◆ **What the exercise asks**
Write out exactly the lines below starting at the one containing "The Hardin County" and ending at the one containing "Onyx Red Ornamental Pepper". Omit every picture.

(Excerpts from a dataset)
============================================================
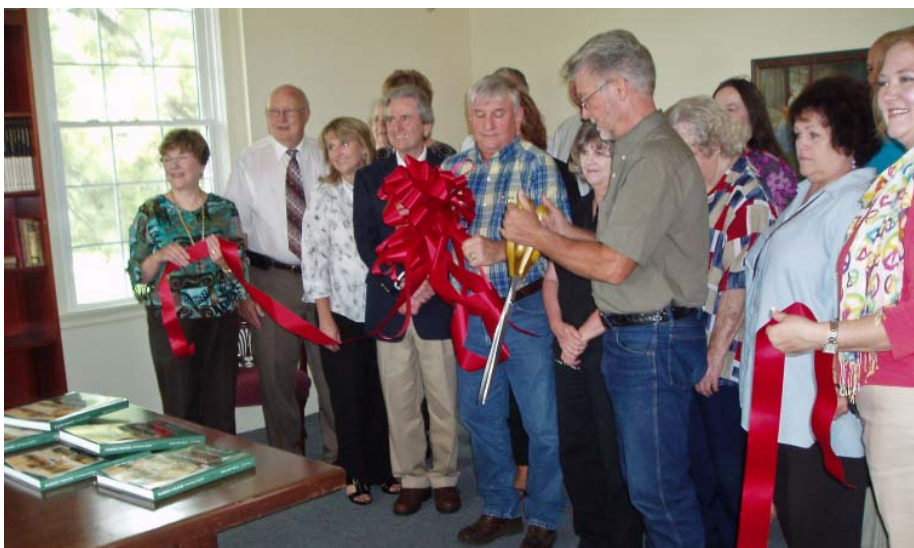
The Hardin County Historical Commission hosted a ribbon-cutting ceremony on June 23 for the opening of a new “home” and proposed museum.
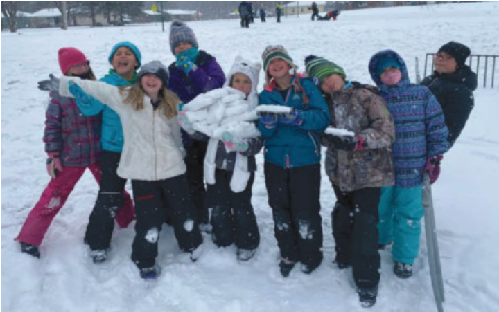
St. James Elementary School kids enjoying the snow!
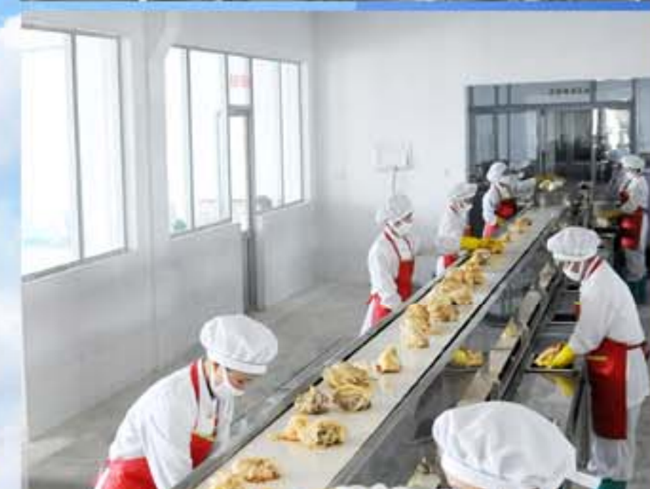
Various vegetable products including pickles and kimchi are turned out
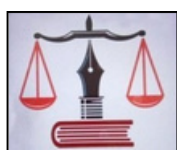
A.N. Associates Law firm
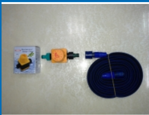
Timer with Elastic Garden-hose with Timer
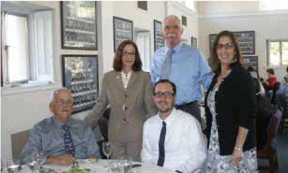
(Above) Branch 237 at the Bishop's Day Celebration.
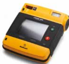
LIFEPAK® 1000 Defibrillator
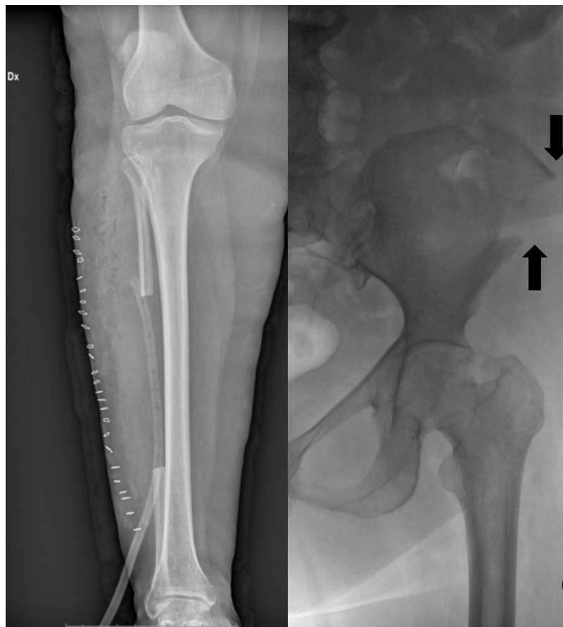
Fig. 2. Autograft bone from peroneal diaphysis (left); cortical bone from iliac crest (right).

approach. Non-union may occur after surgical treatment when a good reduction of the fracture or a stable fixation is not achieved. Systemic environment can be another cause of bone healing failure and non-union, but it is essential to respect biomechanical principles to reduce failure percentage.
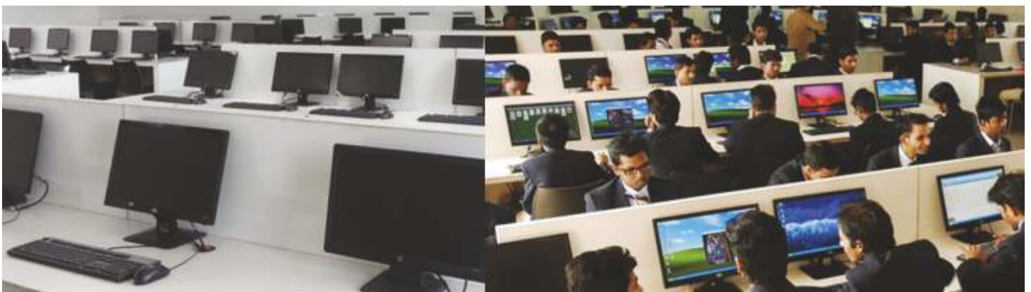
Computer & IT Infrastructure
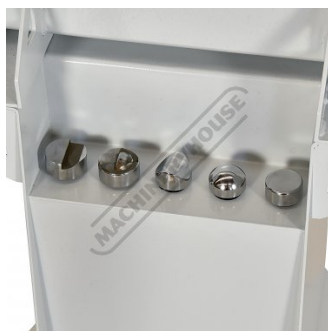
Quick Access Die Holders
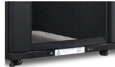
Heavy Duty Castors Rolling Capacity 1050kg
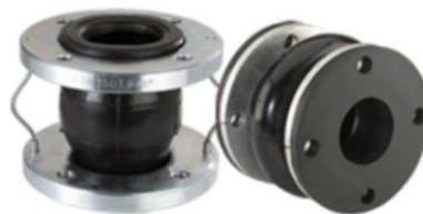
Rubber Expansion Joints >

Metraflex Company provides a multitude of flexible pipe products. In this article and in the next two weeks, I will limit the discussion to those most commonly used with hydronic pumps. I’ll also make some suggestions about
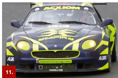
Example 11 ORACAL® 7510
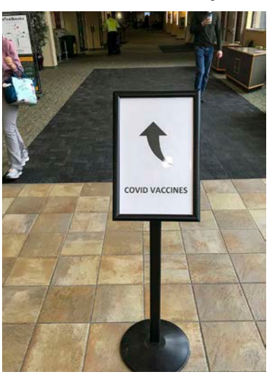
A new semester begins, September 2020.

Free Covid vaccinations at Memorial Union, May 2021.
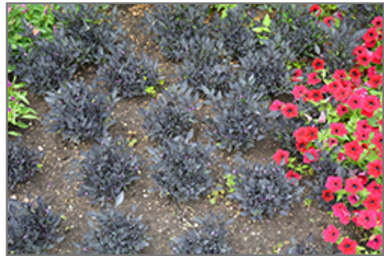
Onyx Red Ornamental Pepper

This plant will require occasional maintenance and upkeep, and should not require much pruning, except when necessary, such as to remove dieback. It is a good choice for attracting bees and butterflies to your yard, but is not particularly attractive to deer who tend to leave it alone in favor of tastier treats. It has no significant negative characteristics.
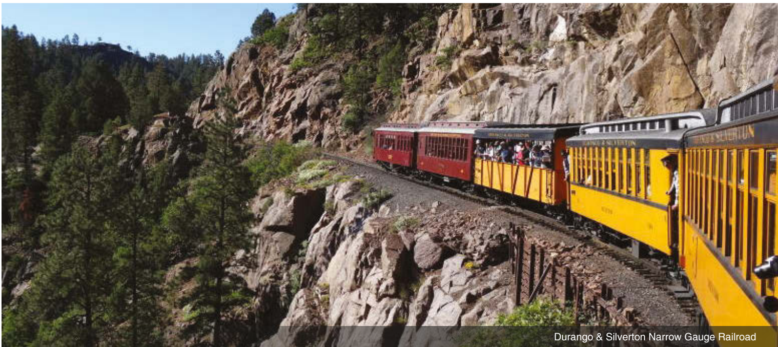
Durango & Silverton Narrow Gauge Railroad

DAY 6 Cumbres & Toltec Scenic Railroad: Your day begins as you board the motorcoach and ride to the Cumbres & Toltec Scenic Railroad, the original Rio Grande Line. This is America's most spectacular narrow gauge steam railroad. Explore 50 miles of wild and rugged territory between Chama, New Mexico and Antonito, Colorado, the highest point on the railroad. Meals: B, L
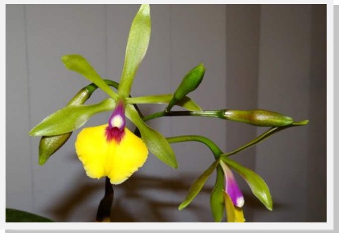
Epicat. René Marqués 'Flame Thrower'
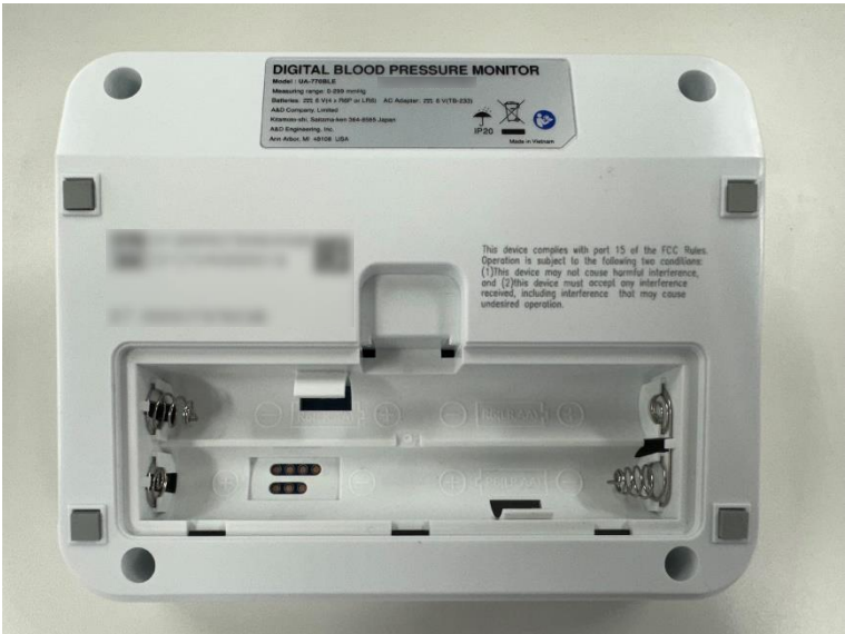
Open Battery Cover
============================================================
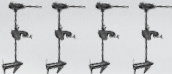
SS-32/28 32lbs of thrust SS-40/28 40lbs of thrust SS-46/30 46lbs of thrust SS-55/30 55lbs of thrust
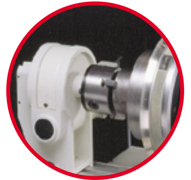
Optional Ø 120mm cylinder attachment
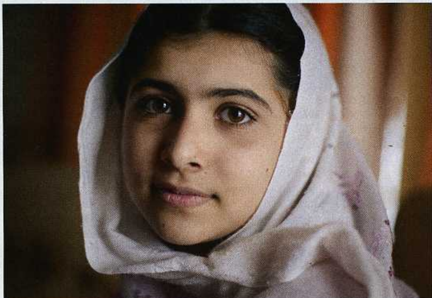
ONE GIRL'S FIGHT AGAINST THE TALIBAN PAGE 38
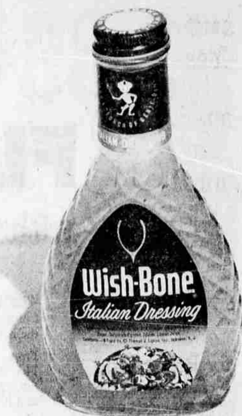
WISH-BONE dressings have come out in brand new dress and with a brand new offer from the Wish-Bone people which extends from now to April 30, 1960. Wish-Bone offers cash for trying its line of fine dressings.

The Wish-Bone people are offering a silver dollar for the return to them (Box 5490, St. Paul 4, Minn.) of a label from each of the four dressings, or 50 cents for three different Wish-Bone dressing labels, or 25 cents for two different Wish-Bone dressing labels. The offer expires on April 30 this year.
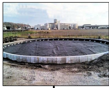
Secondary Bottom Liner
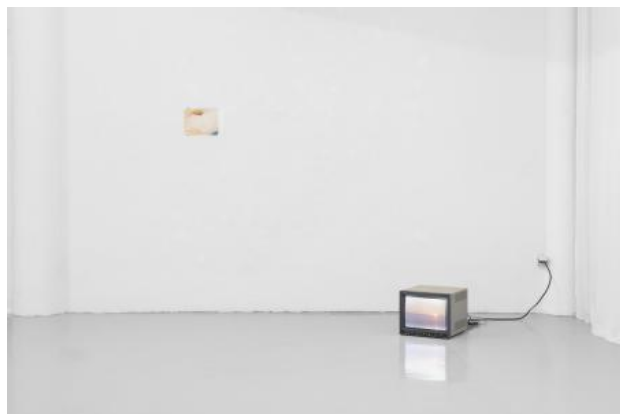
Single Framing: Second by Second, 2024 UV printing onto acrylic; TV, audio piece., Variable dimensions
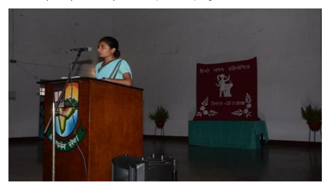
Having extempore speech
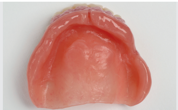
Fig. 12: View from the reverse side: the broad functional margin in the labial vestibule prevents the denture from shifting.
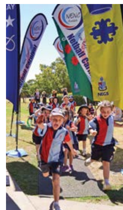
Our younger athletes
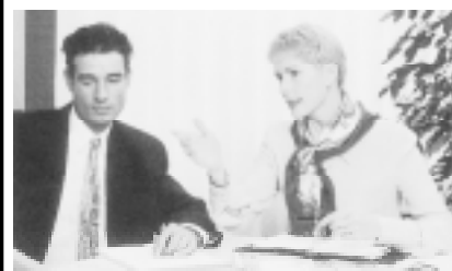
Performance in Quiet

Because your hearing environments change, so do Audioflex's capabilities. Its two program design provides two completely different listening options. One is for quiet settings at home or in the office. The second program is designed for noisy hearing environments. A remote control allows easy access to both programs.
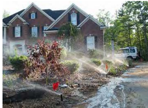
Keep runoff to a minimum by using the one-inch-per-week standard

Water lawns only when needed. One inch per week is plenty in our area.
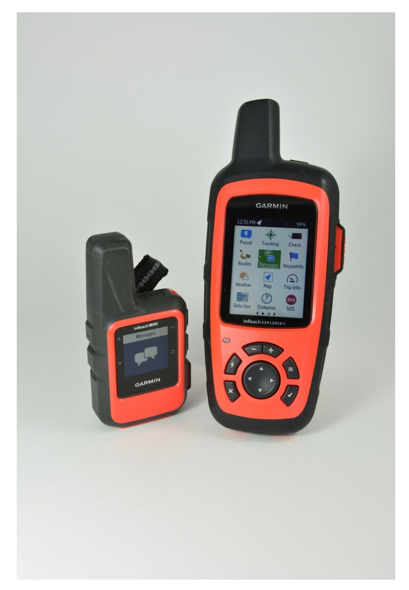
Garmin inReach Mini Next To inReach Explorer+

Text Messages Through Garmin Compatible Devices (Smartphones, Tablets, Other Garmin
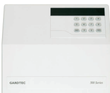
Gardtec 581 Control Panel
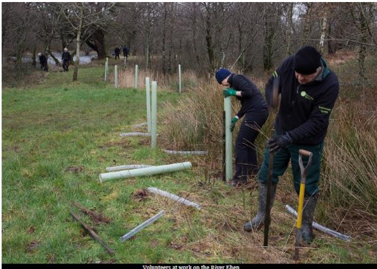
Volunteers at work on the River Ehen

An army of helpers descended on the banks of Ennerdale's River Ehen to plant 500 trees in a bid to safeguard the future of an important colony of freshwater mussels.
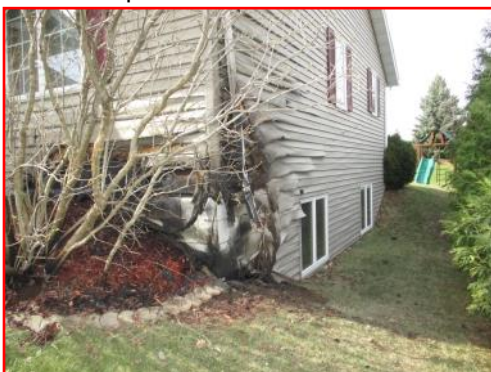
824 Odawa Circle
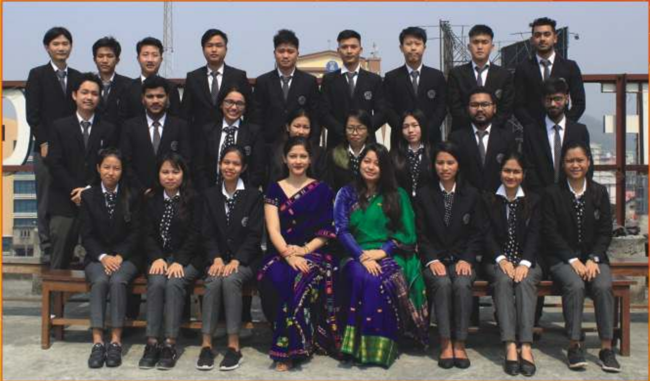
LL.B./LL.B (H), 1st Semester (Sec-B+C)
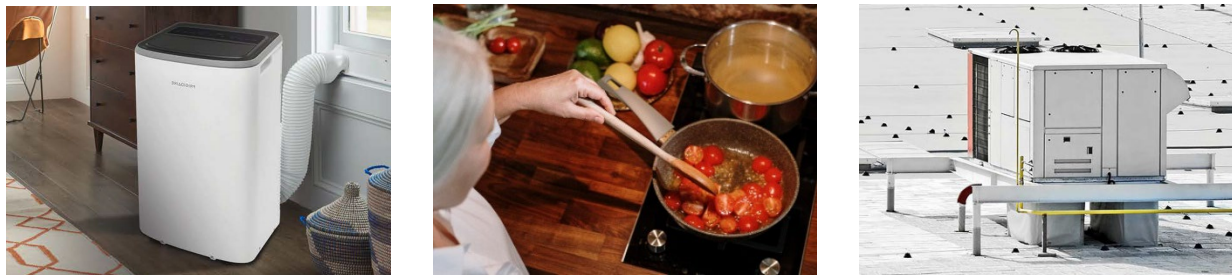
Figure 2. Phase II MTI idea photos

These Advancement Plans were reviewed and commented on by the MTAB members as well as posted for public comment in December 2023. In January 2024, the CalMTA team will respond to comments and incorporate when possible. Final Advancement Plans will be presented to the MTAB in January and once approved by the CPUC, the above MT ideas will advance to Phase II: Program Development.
============================================================
◆ **Task response**
The Hardin County Historical Commission hosted a ribbon-cutting ceremony on June 23 for the opening of a new “home” and proposed museum.
St. James Elementary School kids enjoying the snow!
Various vegetable products including pickles and kimchi are turned out
A.N. Associates Law firm
Timer with Elastic Garden-hose with Timer
(Above) Branch 237 at the Bishop's Day Celebration.
LIFEPAK® 1000 Defibrillator
Fig. 2. Autograft bone from peroneal diaphysis (left); cortical bone from iliac crest (right).

approach. Non-union may occur after surgical treatment when a good reduction of the fracture or a stable fixation is not achieved. Systemic environment can be another cause of bone healing failure and non-union, but it is essential to respect biomechanical principles to reduce failure percentage.
Computer & IT Infrastructure
Quick Access Die Holders
Heavy Duty Castors Rolling Capacity 1050kg
Rubber Expansion Joints >

Metraflex Company provides a multitude of flexible pipe products. In this article and in the next two weeks, I will limit the discussion to those most commonly used with hydronic pumps. I’ll also make some suggestions about
Example 11 ORACAL® 7510
A new semester begins, September 2020.

Free Covid vaccinations at Memorial Union, May 2021.
Onyx Red Ornamental Pepper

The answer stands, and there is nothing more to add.